Can I assume that Woody Sullivan and others have already asked you these questions in this area?[1]

van de Hulst:

No. I don’t think so because most people think they should start with the 21-centimeter line but that comes later.

DeVorkin:

But this is really where you began?

van de Hulst:

Yes, right.

DeVorkin:

So then later on your continued contact with Oort then helped to develop that?

van de Hulst:

Yes and indeed what happened is that we held an inter-university colloquium on the interstellar dust or smoke, as I felt it should be called to remain in line with the chemical terminology. We had these inter-university meetings still going on, organized by the Netherlands Astronomical Society.

DeVorkin:

During the occupation?

van de Hulst:

Yes, right. So that was the first publication of this work the growth rate and then Oort and I started to write a paper so I got to know Oort’s method of work.

DeVorkin:

You got your Ph.D. at Utrecht, but when were you officially at Leiden?

van de Hulst:

I was never officially at Leiden at that time. I just had a kind of an informal fellowship to visit Leiden occasionally. In fact it amounted to a travel grant to take the train for the thirty miles. But at that time it took a fair time to take the train because of war conditions. Once, part of a bridge was damaged and couldn’t be repaired.

DeVorkin:

What was the transition from the growth of interstellar molecules and grains to the neutral hydrogen atom?

van de Hulst:

Of course I was writing a thesis, this was all pre Ph.D. In fact, since the university had stopped the exams had stopped and I took my Master’s Degree exam only in 1945. The Doctor’s degree I got in ‘46, so that was kind of delayed. But during that time I was working on the thesis and had of course a far too ambitious program to write something which would include everything about interstellar matter.

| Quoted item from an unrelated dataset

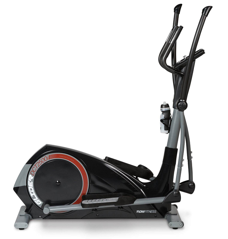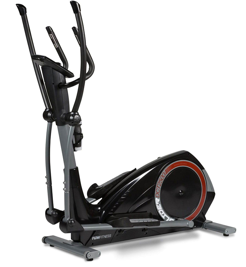 FLOW Fitness DCT2500i je unikátní a vysoce kvalitní crossový trenažér, který je vybaven robustní rámovou konstrukcí, kvalitními komponenty a moderní elektronikou. Vyvážený setrvačník o hmotnosti 18,5 kg zajišťuje tichý a zcela plynulý chod stroje i při maximálním zatížení. Odpor je vytvářen magnetickou brzdou s elektronickou regulací až v 16 úrovních. Délka kroku je univerzální 39 cm a pozice nášlapů je nastavitelná ve 3 polohách, což vám zaručí správný a pohodlný pohyb.

So I included a lot about interstellar gas and a lot about interstellar grains and about the distribution, and about reddening, everything. And since I had done that at a certain time Oort again was the man who suggested that one of these national colloquia should be dedicated to this new possibility of receiving radio waves from space. He then personally asked me to do the theoretical side of it because he knew of my background. And so as part of that work I also started to look at the lines. It was the obvious thing to do but it fitted also into that grandiose scheme of writing a thesis containing everything.

DeVorkin:

That certainly fits. Well that concludes this half hour and I really appreciate it.

[1]Sullivan has been interviewing many astronomers associated with the growth of radio astronomy, and did interview van de Hulst.